The import is started with doImport(). This will start by parsing the metadata file. Additional files that are referenced in the [files] section are opened via the InputStreamLocator. File entries that start with 'x-' are considered to be extra files that should be attached to the child bioassay set. But this is only done if an ExtraFileImporter has been specified.

The section [settings] is used to control some aspects of the parsing. If the data is going into the same datacube the section is not needed. If a new datacube is needed the importer needs to know how to map the spot data to positions/reporters and to assays. We support three cases:

  1. The data uses the same datacube as the parent
  2. The data needs a new datacube but there is a one-to-one relation with the parent assays
  3. The data needs a new datacube and there may be more than one parent assay for each child assay

A new datacube is created by including a new-data-cube entry in the settings section.
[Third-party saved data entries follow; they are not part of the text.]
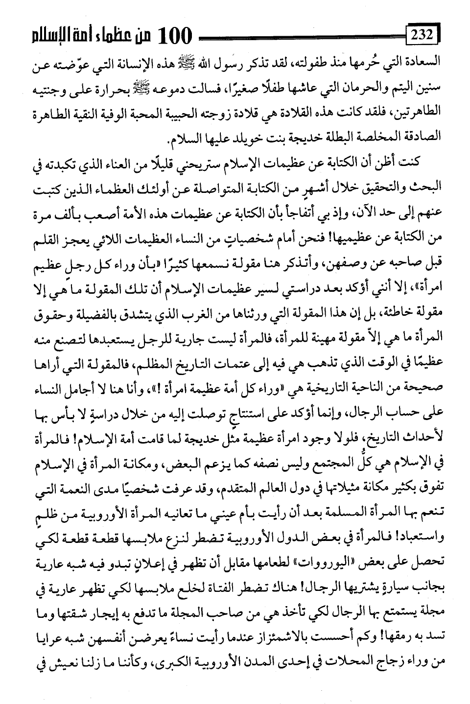 كنت أظن أن الكتابة عن عظيمات الإِسلام ستريحني قليلًا من العناء الذي تكبدته في البحث والتحقيق خلال أشهرٍ من الكتابة المتواصلة عن أولئك العظماء الذين كتبت عنهم إلى حد الآن، وإذ بي أتفاجأ بأن الكتابة عن عظيمات هذه الأمة أصعب بألف مرة من الكتابة عن عظيميها! فنحن أمام شخصياتٍ من النساء العظيمات اللائي يعجز القلم قبل صاحبه عن وصفهن، وأتذكر هنا مقولة نسمعها كثيرًا "بأن وراء كل رجلٍ عظيم امرأة"، إلا أنني أؤكد بعد دراستي لسير عظيمات الإِسلام أن تلك المقولة ما هي إلا مقولة خاطئة، بل إن هذه المقولة التي ورثناها من الغرب الذي يتشدق بالفضيلة وحقوق المرأة ما هي إلّا مقولة مهينة للمرأة، فالمرأة ليست جارية للرجل يستعبدها لتصنع منه عظيمًا في الوقت الذي تذهب هي فيه إلى عتمات التاريخ المظلم، فالمقولة التي أراها صحيحة من الناحية التاريخية هي "وراء كل أمة عظيمة امرأة! "، وأنا هنا لا أجامل النساء على حساب الرجال، وإنما أؤكد على استنتاجٍ توصلت إليه من خلال دراسةٍ لا بأس بها لأحداث التاريخ, فلولا وجود امرأة عظيمة مثل خديجة لما قامت أمة الإِسلام! فالمرأة في الإِسلام هي كل المجتمع وليس نصفه كما يزعم البعض، ومكانة المرأة في الإِسلام تفوق بكثير مكانة مثيلاتها في دول العالم المتقدم، وقد عرفت شخصيًا مدى النعمة التي تنعم بها المرأة المسلمة بعد أن رأيت بأم عيني ما تعانيه المرأة الأوروبية من ظلمٍ واستعباد! فالمرأة في بعض الدول الأوروبية تضطر لنزع ملابسها قطعة قطعة لكي تحصل على بعض "اليورووات" لطعامها مقابل أن تظهر في إعلانٍ تبدو فيه شبه عارية بجانب سيارةٍ يشتريها الرجال! هناك تضطر الفتاة لخلع ملابسها لكي تظهر عارية في مجلة يستمتع بها الرجال لكي تأخذ هي من صاحب المجلة ما تدفع به إيجار شقتها وما تسد به رمقها! وكم أحسست بالاشمئزاز عندما رأيت نساءً يعرضن أنفسهن شبه عرايا من وراء زجاج المحلات في إحدى المدن الأوروبية "الكبرى" وكأننا ما زلنا نعيش في
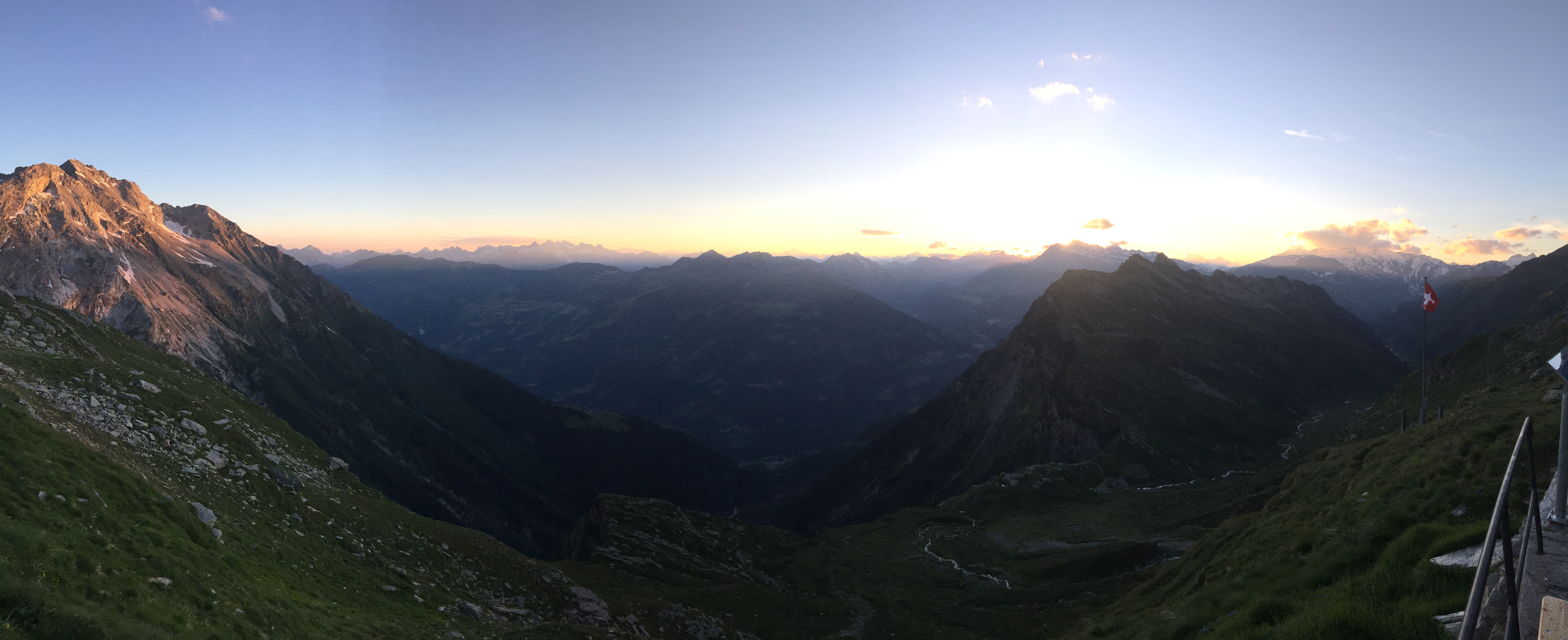 Je m’arrête manger une tarte aux abricots à la cabane Adula CAS avant de monter à la cabane Adula UTOE où je passerai la nuit. Les deux cabanes sont vraiment proches … Je passe une soirée géniale dans cette cabane où nous profitons d’un coucher de soleil magnifique. Simone, l’adorable gardienne, nous sert le dessert sur la terrasse pour que nous n’en perdons pas une miette (du coucher de soleil, pas du dessert !)
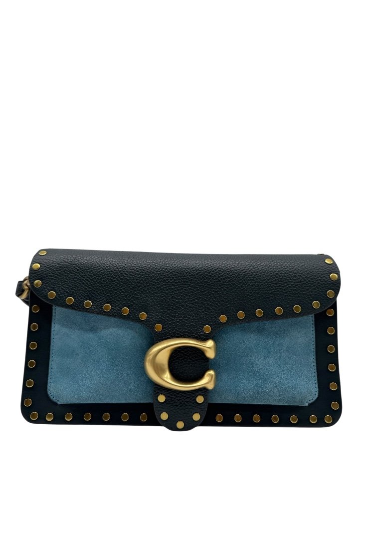 Confeccionada en cuero granulado y gamuza, cierre a presión, herrajes exteriores en tono dorado y 1 bolsillo deslizante, 1 bolsillo interior con cremallera y 2 bolsillos deslizantes

Multiple parents per assay is enabled by including a multi-assay-parents entry.

The child bioassay set is by default assumed to use the same IntensityTransform as the parent bioassay set. If the imported data uses a different transform this should be specified by the transform setting. Allowed values are those defined by the IntensityTransform enumeration (NONE, LOG2 or LOG10).

The importer needs 'rdata' and 'pdata' files in all cases. The ID column in the rdata file should be the position number. If the data is using the same datacube (case 1) no more columns are needed. The order of the positions doesn't matter as long as it matches the spot data files. All positions must be unique. If the data needs a new datacube (case 2 and 3) the rdata file also needs one of 'External ID' or 'Internal ID' columns which are used to map positions to reporters.

The meaning of the ID column in the pdata file depends on the case. In case 1 and 2 the ID is the internal ID of the parent assay. No more columns are needed. In case 3, the ID column is just a unique positive integer. In this case, the pdata file also needs a second column 'Parent ID', which should be a comma-separated list of the internal assay ID values of the parent assays.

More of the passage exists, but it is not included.